English footballer (born 1993)

Jake Ben Jones (born 6 April 1993) is an English professional footballer, who most recently played for Midland League Division One side Hinckley A.F.C., where he played as a midfielder.

==Playing career==
===Walsall===
Born in Solihull, Jones signed his first professional contract in the summer of 2011 after progressing through the youth system. In November 2011, he joined Southern Football League side Redditch United on an initial one-month loan, which was later extended until February. In June 2012, Jones signed a new six-month contract extension.

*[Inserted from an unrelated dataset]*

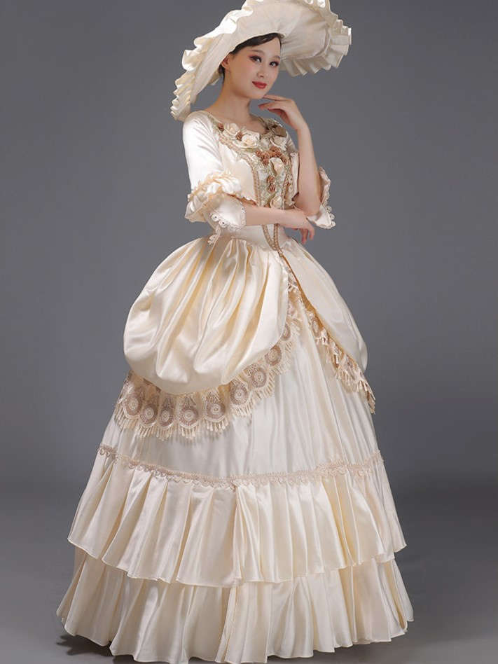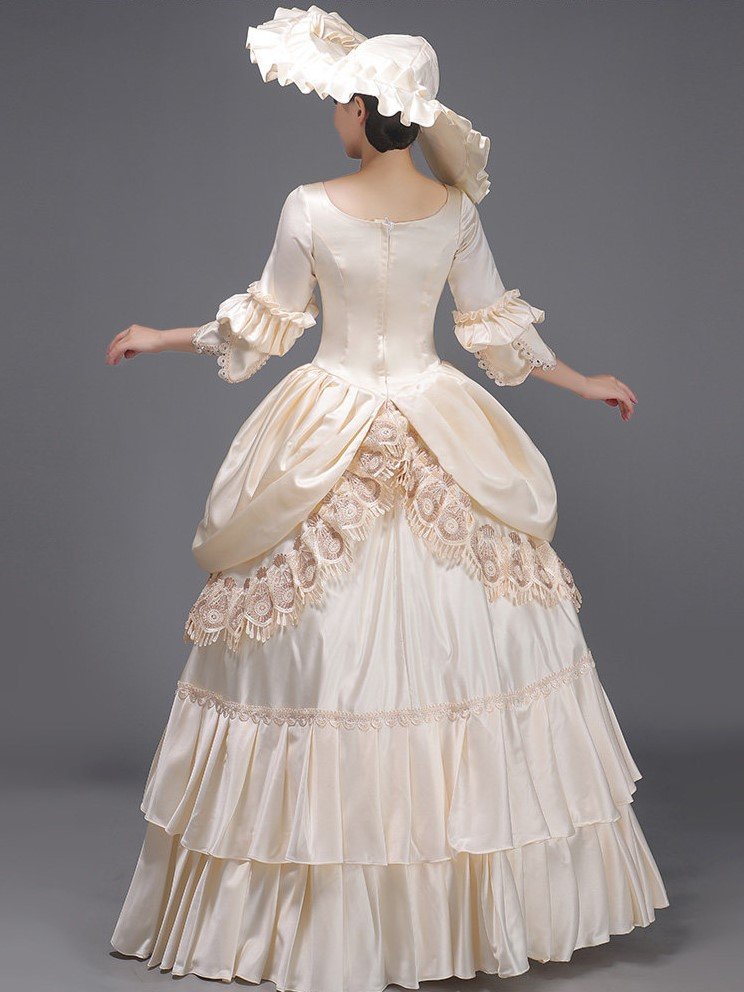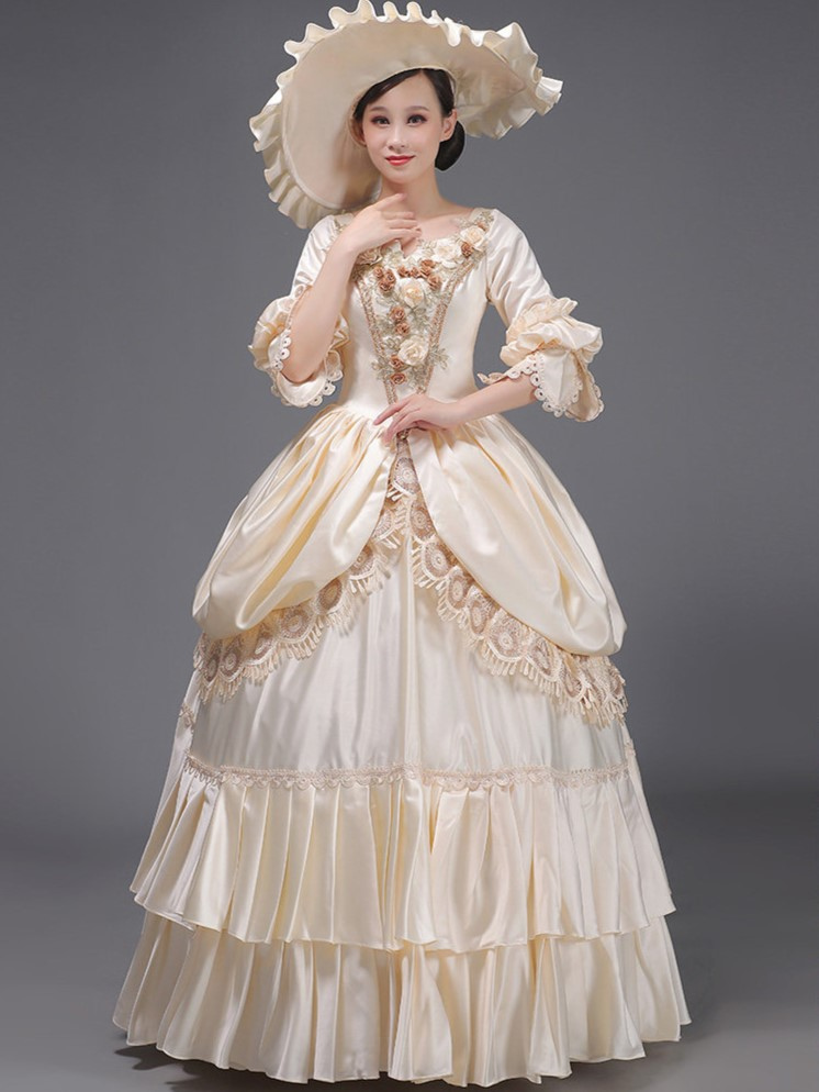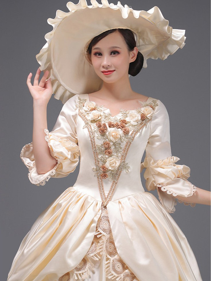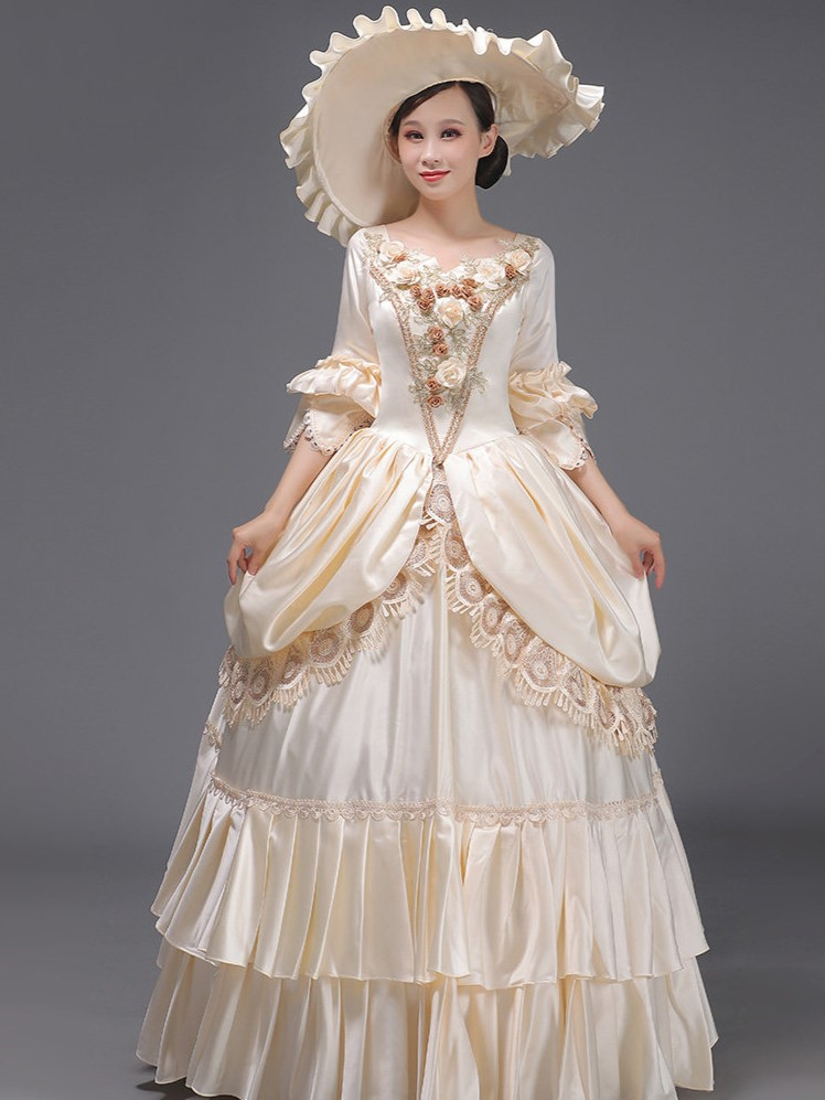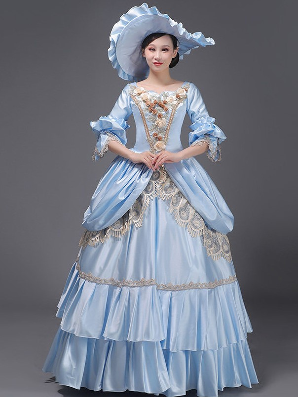 ライトスカイブルーレトロ衣装レースポリエステル帽子女性のマリーアントワネット衣装ロイヤルチュニック仮面舞踏会ボールガウン

His debut for the Saddlers came on 11 August 2012, in a 1–0 win over Brentford in the Football League Cup, replacing Nicky Featherstone as a substitute. Jones signed on loan for Lincoln City in the Blue Square Bet Premier until the end of the 2012 /2013 season. He subsequently agreed a permanent contract with The Imps following his release from Walsall stating that the move was a 'no brainer' but then changed his mind at the last minute.

===Tamworth===
Jones signed for Tamworth, and the deal was confirmed on 13 May 2013. Jake joined King's Lynn Town on loan in September 2014.

===King's Lynn Town===
Following a successful loan spell from Tamworth, Jones decided to cancel his contract with The Lambs in search for regular first team football and personal reasons. He signed for The Linnets in January 2014 after a phone call with Gary Mills and Robert Duffy.
Despite finding the net 8 times in 27 appearances in all competitions, Jones was also sent off three times in the final three months of the season.
Jake remained with King's Lynn for the start of the 2014–15 season, making a further 32 appearances in all competitions and scoring three times. In January 2015, fellow Northern Premier League side Halesowen Town put in a 7-day approach for Jones. Following talks he opted to join the Yeltz, a club closer to his Midlands home.

===Halesowen Town===
Jones made a positive start to his time at Halesowen, coming on as a substitute to score the winner in a 2–1 away victory at Stamford in February 2015. He made two further starts for The Yeltz, but was unable to add to his goal tally. By mid-March, he had left the club. On Monday 23 March 2015, King's Lynn Town announced on Twitter that Jones had re-joined the club for a third spell.

===Leamington===
On 12 June 2015, he agreed to join Leamington for the 2015–16 season.

===Hinckley A.F.C.===
Jones signed for Midland League Division One side Hinckley A.F.C. on 1 July 2018. Jake played in one friendly match on 21 July 2018, setting up a goal for Sam Belcher, in a game with Hinckley lost 4–2 away to Gresley.